How to generate Signed URL for google cloud storage objects using PHP

Question

The method i tried using was with openssl

$fp = fopen($key, 'r');  //open the PEM file
$priv_key = fread($fp,8192);
fclose($fp);
$pkeyid = openssl_get_privatekey($priv_key,"password");

openssl_sign($response["data_to_sign"], $signature, $pkeyid,'sha256');

$sign = base64_encode($signature)

Is this the correct Method to generate signature for signed urls in google?

Answer 1

You can try Google Cloud Storage PHP SDK, it's a good choice for keeping your codes clean.

cloud-storage PHP SDK

Install package to your project by following this page on Packagist, then

function getSignedGcsUrl($objPath/* which is your target object path */, $duration = 50) 
{
    $storageClient = new StorageClient([
        'projectId' => /* your gcp projectId here */,
        'keyFilePath' => /* your gcp keyFilePath here */,
    ]);
    $bucket = $storageClient->bucket($objPath);
    $object = $bucket->object();
    $url = $object->signedUrl(new \DateTime('+ ' . $duration . ' seconds'));
    return $url;
}

laravel-google-cloud-storage (for Laravel)

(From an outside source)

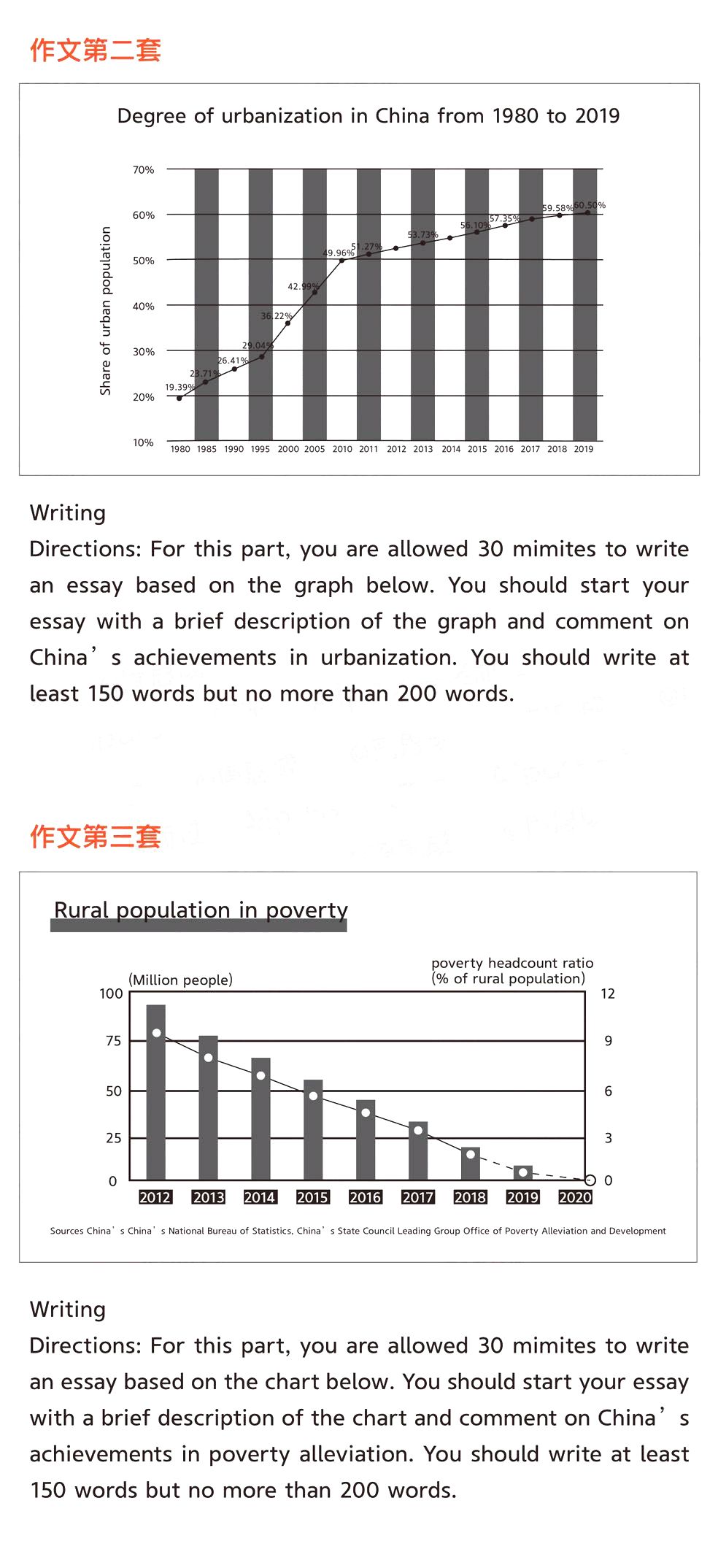 Directions: For this part, you are allowed 30 mimites to write an essay based on the graph below. You should start your essay with a brief description of the graph and comment on China 's achievements in urbanization. You should write at least 150 words but no more than 200 words
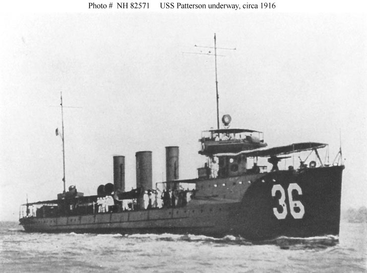 Photo #: NH 82571 USS Patterson (Destroyer # 36) Underway, circa 1916. Halftone reproduction, copied from the book "Our Navy in the War", by Lawrence Perry, 1922. U.S. Naval Historical Center Photograph. Online Image: 50KB; 740 x 550 pixels |

Install and configurate superbalist/laravel-google-cloud-storage by following this page: on Github, then

public static function getSignedGcsUrl($objPath, $duration = 50)
{
    return Storage::disk('gcs'/* following your filesystem configuration */)
        ->getAdapter()
        ->getBucket()
        ->object($objPath)
        ->signedUrl(new \DateTime('+ ' . $duration . ' seconds'));
}

Answer 2

I put all the answers together. This should work in out of the box project. If you have space in the paths, you will need to rawurlencode the individual components, not urlencode.

function signedGoogleStorageURL($bucketName, $resourcePath, $duration = 10, $method = 'GET')
{
    $expires = time() + $duration;
    $content_type = ($method == 'PUT') ? 'application/x-www-form-
    urlencoded' : '';
    $to_sign = ($method . "\n" .
                /* Content-MD5 */ "\n" .
                $content_type . "\n" .
                $expires . "\n" .
                "/" . $bucketName . $resourcePath);

    $sign_result = AppIdentityService::signForApp($to_sign);
    $signature = urlencode(base64_encode($sign_result['signature']));
    $email = AppIdentityService::getServiceAccountName();

    return ('https://storage.googleapis.com/' . $bucketName .
            $resourcePath .
            '?GoogleAccessId=' . $email .
            '&Expires=' . $expires .
            '&Signature=' . $signature);
}

$signedPath = signedGoogleStorageURL(AppIdentityService::getDefaultVersionHostname(), "/my_folder/my_file", 60);

Answer 3

One thing to note that I spent about two hours on:

The GoogleAccessId you pass into the URL is the Email Address in the "Certificate" section of the Google Cloud Console. It's not the OAuth Client ID with a string replacement as Google suggests in their documentation.

Answer 4

There's an example here that signs a URL for Google Cloud Storage using PHP: https://groups.google.com/forum/#!msg/google-api-php-client/jaRYDWdpteQ/xbNTLfDhUggJ

However - I note this is tagged with Google App Engine... If your code is running inside of Google App Engine, you should use the built-in App Identity service - (note this will only work once your application is deployed in production, not while running locally) - this means you will not need to download or handle any private keys:

require_once 'google/appengine/api/app_identity/AppIdentityService.php';

$sign_result = AppIdentityService::signForApp( $message );

You will need to make sure that the service account associated with the App Engine application is added to the team for the project that owns the Cloud Storage bucket.